Assignment: The answer should hold only the lines from the beginning of the listing below to the line containing "B/W Photograph: parking/storage lot flooding", both included, with every picture left out.

Data extract:
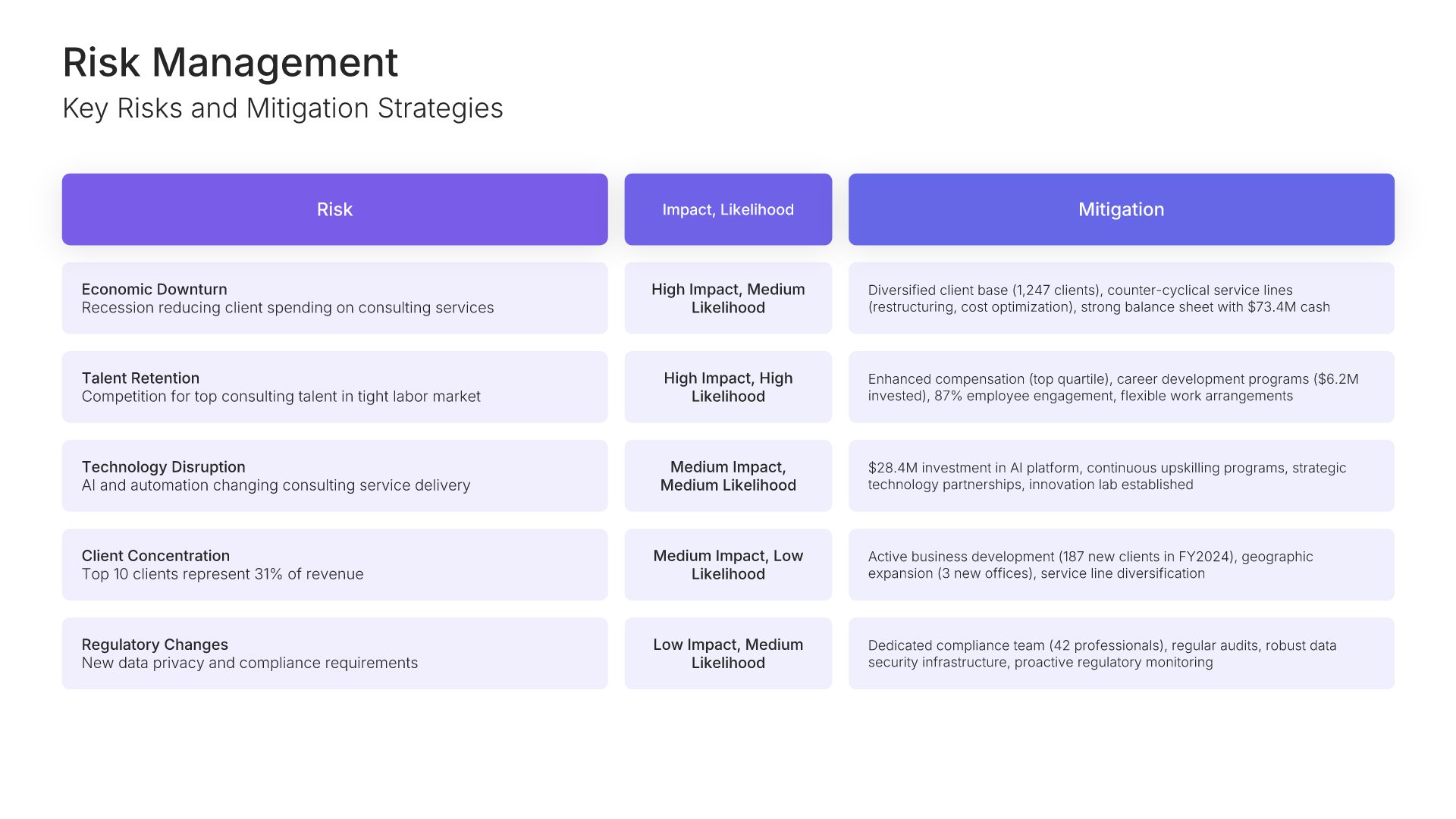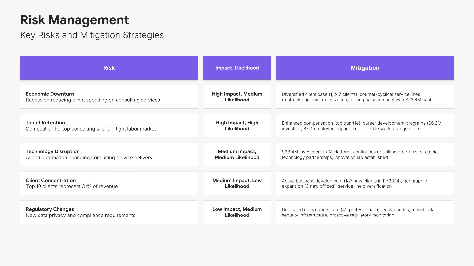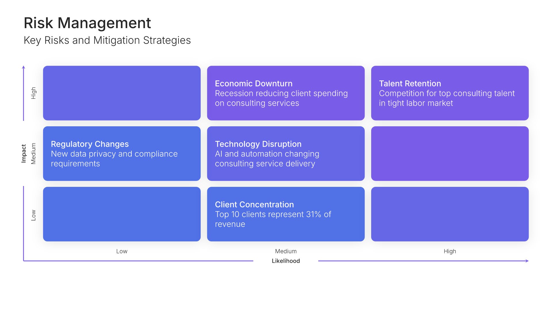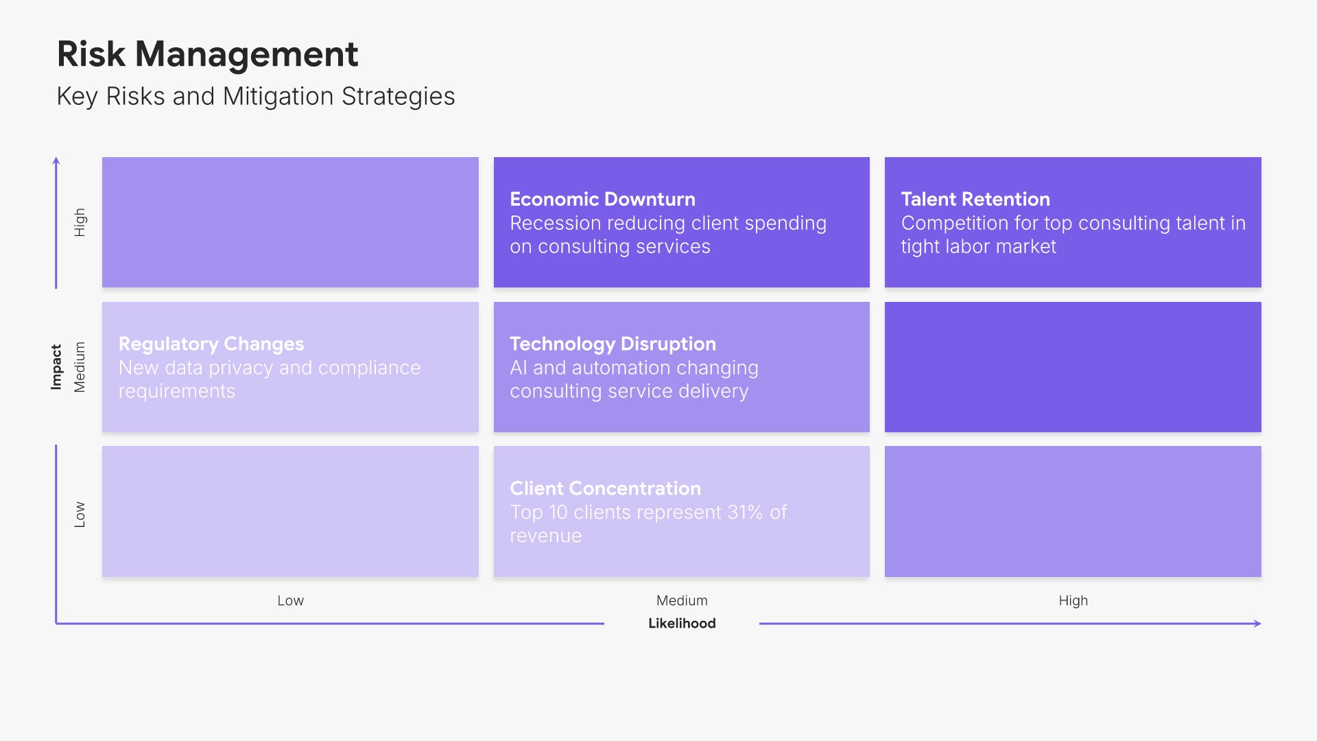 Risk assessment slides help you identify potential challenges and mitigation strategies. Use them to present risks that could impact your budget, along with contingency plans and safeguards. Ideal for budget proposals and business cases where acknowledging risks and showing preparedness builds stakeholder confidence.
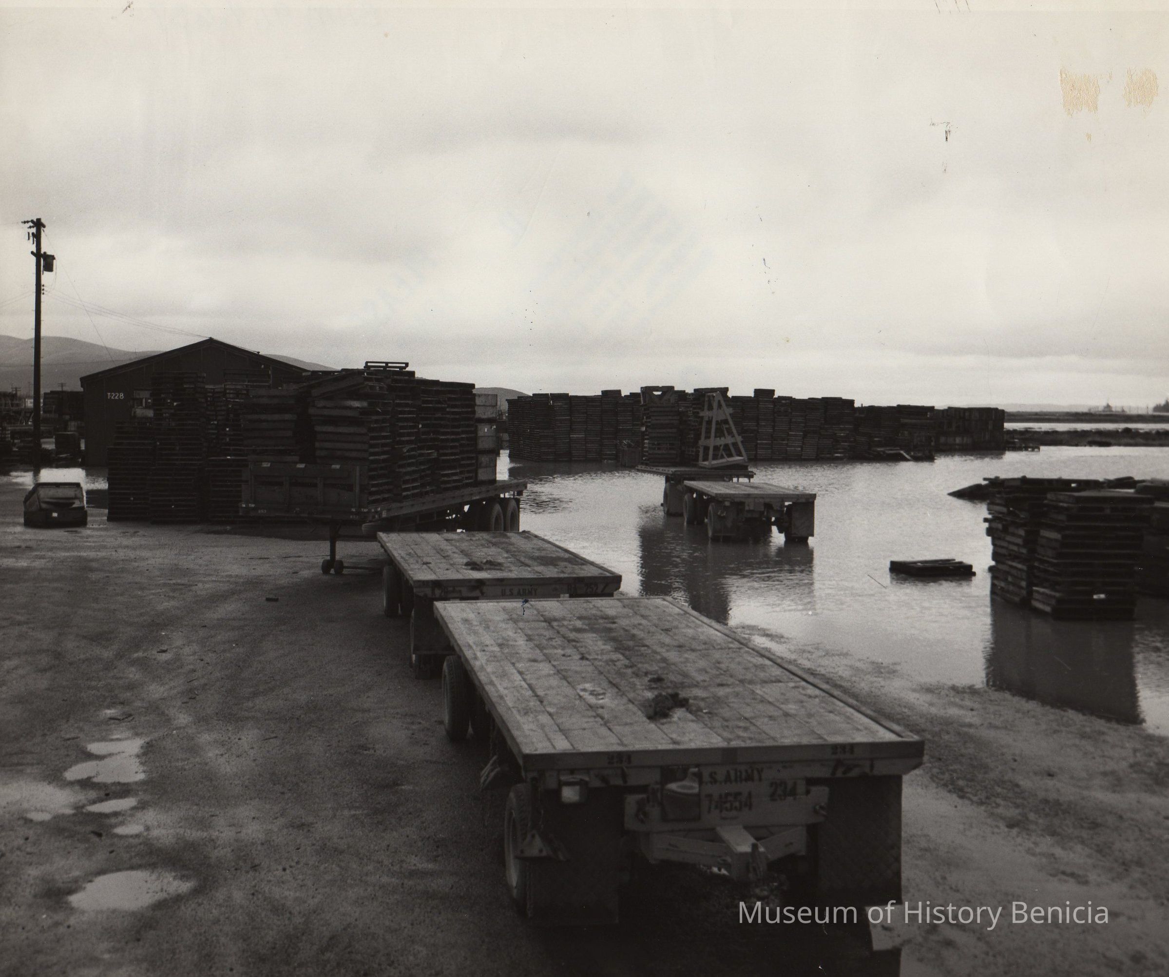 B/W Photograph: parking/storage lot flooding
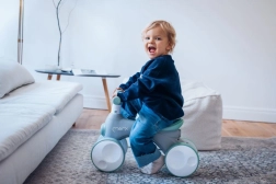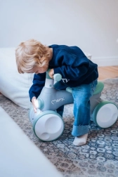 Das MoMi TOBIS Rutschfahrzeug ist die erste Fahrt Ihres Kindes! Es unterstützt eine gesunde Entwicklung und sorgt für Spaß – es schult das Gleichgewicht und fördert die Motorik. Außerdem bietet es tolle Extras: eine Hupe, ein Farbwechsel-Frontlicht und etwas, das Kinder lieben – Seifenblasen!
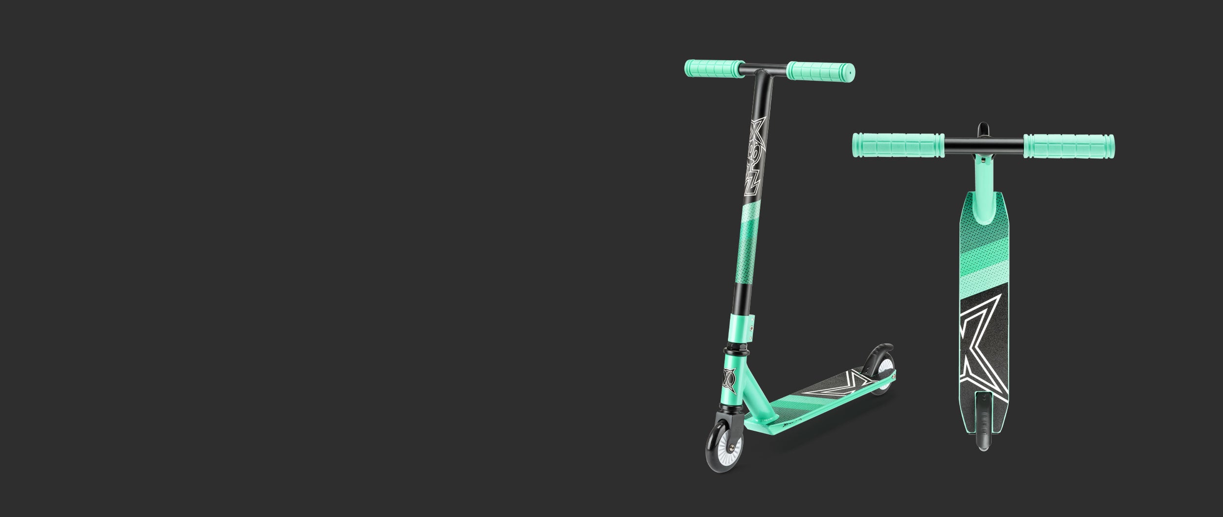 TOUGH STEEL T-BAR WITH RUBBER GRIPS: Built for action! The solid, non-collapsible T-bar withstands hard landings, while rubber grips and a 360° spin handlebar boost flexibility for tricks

Exercise output:
 Risk assessment slides help you identify potential challenges and mitigation strategies. Use them to present risks that could impact your budget, along with contingency plans and safeguards. Ideal for budget proposals and business cases where acknowledging risks and showing preparedness builds stakeholder confidence.
 B/W Photograph: parking/storage lot flooding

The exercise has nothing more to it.